CULTURA E INFORMAZIONE AL TEMPO DI INTERNET


 Tornando indietro anche solo fino agli anni ’50 vediamo alti tassi di analfabetismo e scolarizzazione mediamente bassa. Economia prevalentemente agricola. La diffusione capillare di televisione, telefono ed automobile erano ancora di là da venire. In una società così configurata (e più ancora nei decenni precedenti) il bene impagabile, il riferimento per chiunque, in Italia e altrove, era la Cultura. Gli ambienti privilegiati e le persone di grande riferimento all’interno della società avevano solide basi culturali. Dunque, non il primato del danaro o del potere politico o del lavoro, ma il primato della Cultura. Il ricorrente tentativo dei poteri forti di amalgama con questo elemento ed il fenomeno del mecenatismo stanno qui a sottolineare questo concetto. Qualsiasi macellaio arricchito cerca di mettersi in casa opere d’arte che non comprende, allo scopo di ‘allargare’ la sua mediocre personalità con la Cultura. Tutto ciò è stato vero per centinaia di anni, con diversi accenti, sfumature e tentate rivoluzioni.

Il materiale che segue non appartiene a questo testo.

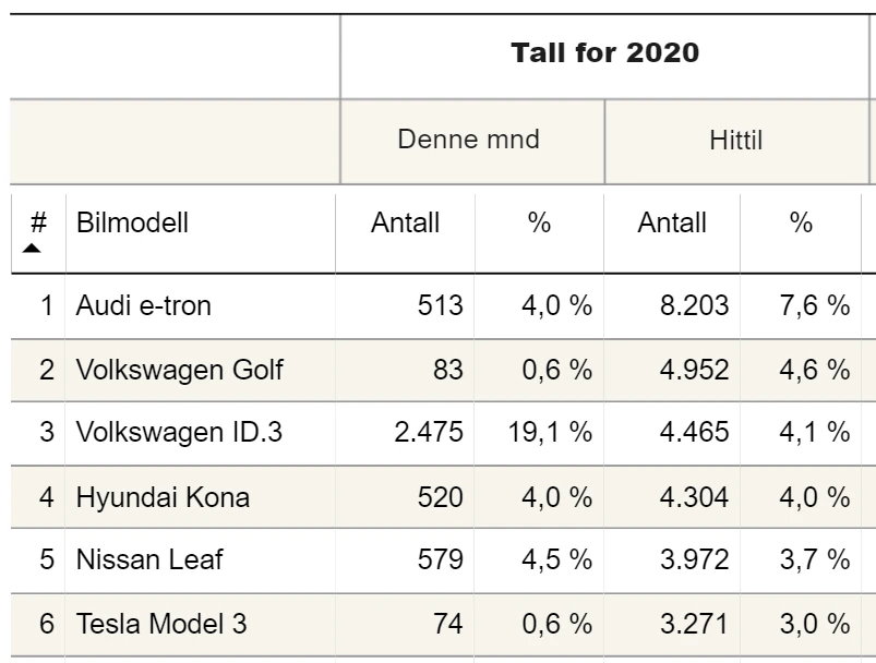 Doch nicht in allen Ländern kann Tesla auf Schützenhilfe eines etwaig neuen Präsidenten hoffen. In Norwegen hat VW den US-Pionier beim Absatz bereits deutlich abgehängt. Neue Zahlen (siehe Grafik) aus dem Elektroauto-Vorzeigeland zeigen, dass dieses Jahr bis Oktober 3.271 Tesla Model 3 verkauft wurden. Die Marken Audi, VW, Hyundai und Nissan haben hingegen jeweils deutlich mehr ihrer Top-Modelle an den Mann gebracht.

Quello che voglio evidenziare è il lento, ma costante declino di questo primato, da qualche decennio a questa parte. Che cosa ha potuto scardinare una base societaria tanto solida? La risposta, oramai evidente, è nella novità di un’enorme massa di informazioni oggi a disposizione e la capillarità della loro penetrazione, fenomeno inimmaginabile fino all’avvento delle tecnologie e dei metodi informatici.

I tradizionali santuari della Cultura hanno visto i loro tesori trasformarsi in dati asciutti, sintetici, circostanziati, verificabili in tempo reale e soprattutto largamente disponibili. Presto ci si è dovuti render conto che l’informazione puntuale costituisce potere, in ogni campo, in un mondo dinamico, profondamente cambiato, come quello di oggi. Per dirla in altro modo: è la larga disponibilità dei dati, più che la loro quantità, che ha determinato la perdita di potere della cultura tradizionale che, per definizione, è elitaria. Tanto è vero che la politica, il potere e l’economia da sempre lusingano e “arruolano” esponenti del mondo culturale ed accademico.

In ogni campo i professionisti di oggi, qualche volta loro malgrado, devono quotidianamente confrontarsi con questa nuova realtà che vede il primato della Cultura cedere sotto il peso di un invadente ma salutare primato dell’Informazione. Quale Direttore di Scuola caldeggerebbe oggi metodiche che si discostino dai dati delle evidenze internazionali? Quale Casa Farmaceutica o Industria Alimentare proporrebbe prodotti e procedure non ampiamente validate a livello internazionale? Ogni consumatore oggi può avere in pochi minuti sul proprio computer il meglio delle evidenze mondiali su ogni anfratto del conoscibile.

E che dire dell’informazione erogata dai Media nazionali e locali? Gli interessi di Partito, di cordata, economici e di Fede, continuano a cercare di “Fare Opinione”, lo hanno sempre fatto perchè è la strada maestra per esercitare e amministrare il Potere, ma oggi è più difficile “Fare Opinione” perchèla Grande Rete Internet è costituzionalmente restia a farsi imbrigliare su “polpette” preconfezionate nelle sedi di Partito o nelle Curie. La sua capillarità non lo consente: nemmeno ai più astuti e ricchi Opinion Maker.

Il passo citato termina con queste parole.